MATERIAL SHOWN section start

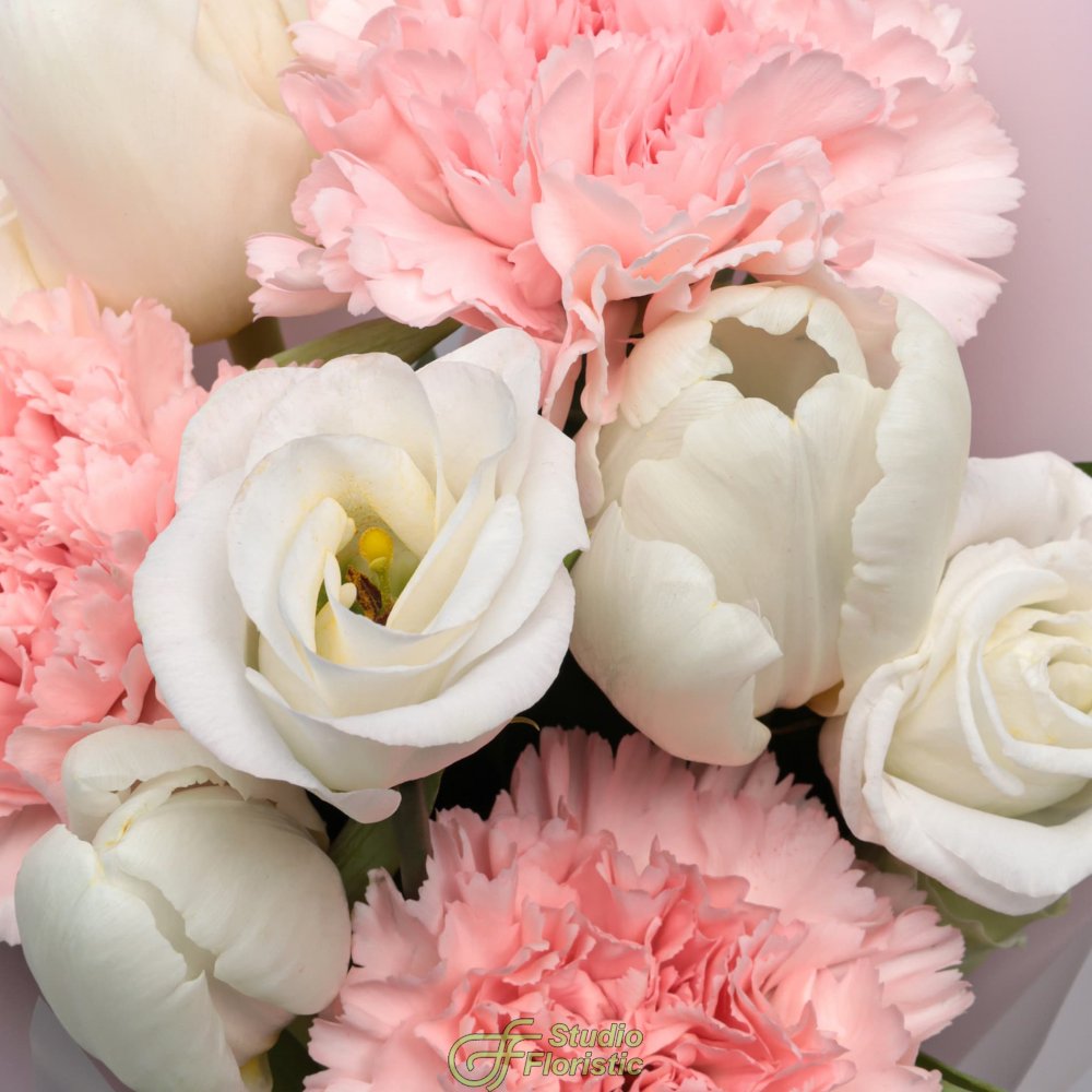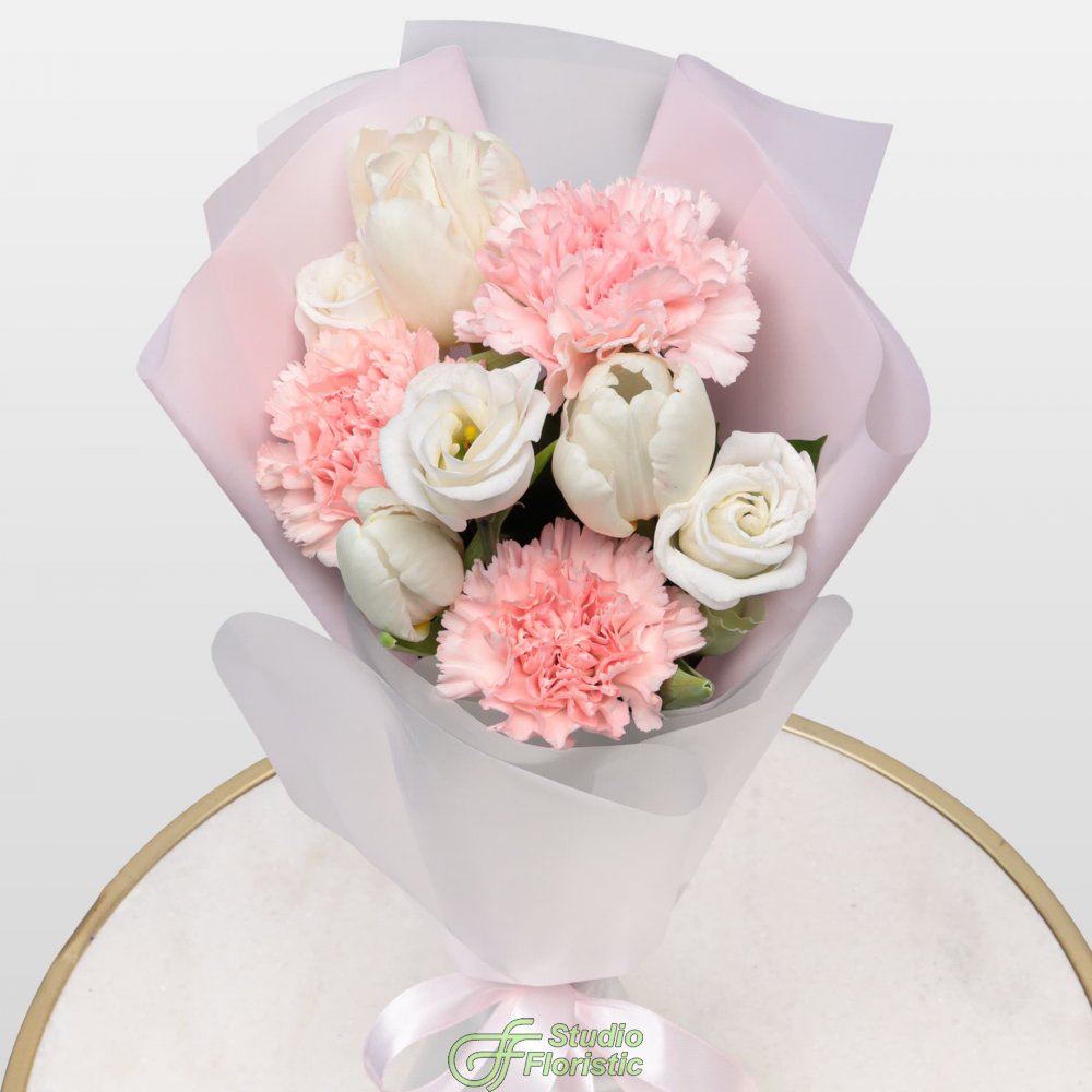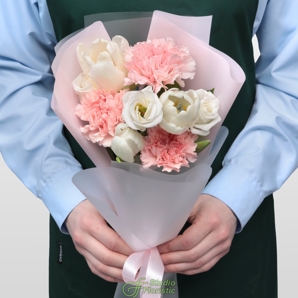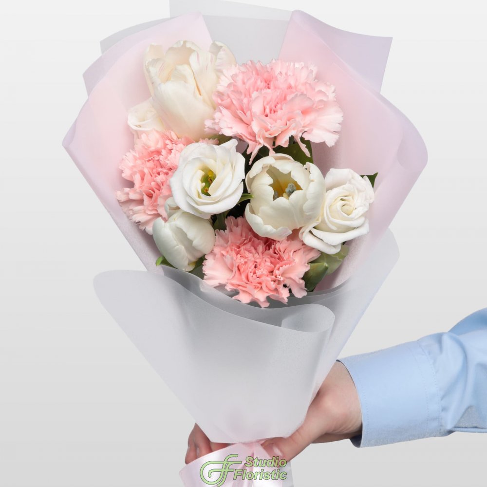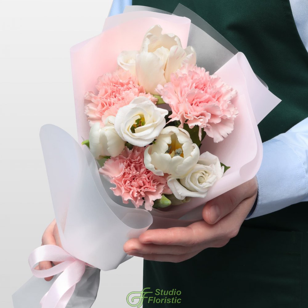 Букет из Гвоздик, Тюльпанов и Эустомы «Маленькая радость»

MATERIAL SHOWN section end
MATERIAL SHOWN section start

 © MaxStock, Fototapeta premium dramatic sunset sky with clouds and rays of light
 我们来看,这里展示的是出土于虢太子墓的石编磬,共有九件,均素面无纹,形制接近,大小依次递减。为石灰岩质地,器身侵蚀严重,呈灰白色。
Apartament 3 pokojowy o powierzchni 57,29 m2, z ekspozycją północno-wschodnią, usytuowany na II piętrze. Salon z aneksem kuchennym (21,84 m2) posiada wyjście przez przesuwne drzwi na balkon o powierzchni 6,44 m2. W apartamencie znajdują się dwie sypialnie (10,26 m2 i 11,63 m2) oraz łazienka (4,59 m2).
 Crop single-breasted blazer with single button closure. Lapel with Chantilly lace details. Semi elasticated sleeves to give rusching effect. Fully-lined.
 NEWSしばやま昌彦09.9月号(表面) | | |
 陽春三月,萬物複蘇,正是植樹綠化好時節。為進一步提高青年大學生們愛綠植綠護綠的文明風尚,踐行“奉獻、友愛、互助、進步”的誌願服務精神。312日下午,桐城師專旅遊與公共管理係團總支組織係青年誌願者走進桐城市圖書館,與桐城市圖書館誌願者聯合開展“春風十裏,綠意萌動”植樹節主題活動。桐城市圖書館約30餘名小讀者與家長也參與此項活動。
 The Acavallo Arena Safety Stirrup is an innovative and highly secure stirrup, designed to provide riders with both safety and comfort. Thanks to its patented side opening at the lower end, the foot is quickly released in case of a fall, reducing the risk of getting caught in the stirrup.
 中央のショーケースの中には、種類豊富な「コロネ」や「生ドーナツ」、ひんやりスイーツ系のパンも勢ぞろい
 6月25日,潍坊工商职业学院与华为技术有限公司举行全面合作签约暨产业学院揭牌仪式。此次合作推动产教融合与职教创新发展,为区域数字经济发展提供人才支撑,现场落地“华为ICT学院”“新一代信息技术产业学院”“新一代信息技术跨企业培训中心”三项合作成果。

MATERIAL SHOWN section end

- _WORK INSTRUCTION_
Starting at the line with "Apartament 3 pokojowy" and ending at the line with "6月25日,潍坊工商职业学院", print each line of the listing above exactly, with no other lines.

- _WORKED SOLUTION_
Apartament 3 pokojowy o powierzchni 57,29 m2, z ekspozycją północno-wschodnią, usytuowany na II piętrze. Salon z aneksem kuchennym (21,84 m2) posiada wyjście przez przesuwne drzwi na balkon o powierzchni 6,44 m2. W apartamencie znajdują się dwie sypialnie (10,26 m2 i 11,63 m2) oraz łazienka (4,59 m2).
 Crop single-breasted blazer with single button closure. Lapel with Chantilly lace details. Semi elasticated sleeves to give rusching effect. Fully-lined.
 NEWSしばやま昌彦09.9月号(表面) | | |
 陽春三月,萬物複蘇,正是植樹綠化好時節。為進一步提高青年大學生們愛綠植綠護綠的文明風尚,踐行“奉獻、友愛、互助、進步”的誌願服務精神。312日下午,桐城師專旅遊與公共管理係團總支組織係青年誌願者走進桐城市圖書館,與桐城市圖書館誌願者聯合開展“春風十裏,綠意萌動”植樹節主題活動。桐城市圖書館約30餘名小讀者與家長也參與此項活動。
 The Acavallo Arena Safety Stirrup is an innovative and highly secure stirrup, designed to provide riders with both safety and comfort. Thanks to its patented side opening at the lower end, the foot is quickly released in case of a fall, reducing the risk of getting caught in the stirrup.
 中央のショーケースの中には、種類豊富な「コロネ」や「生ドーナツ」、ひんやりスイーツ系のパンも勢ぞろい
 6月25日,潍坊工商职业学院与华为技术有限公司举行全面合作签约暨产业学院揭牌仪式。此次合作推动产教融合与职教创新发展,为区域数字经济发展提供人才支撑,现场落地“华为ICT学院”“新一代信息技术产业学院”“新一代信息技术跨企业培训中心”三项合作成果。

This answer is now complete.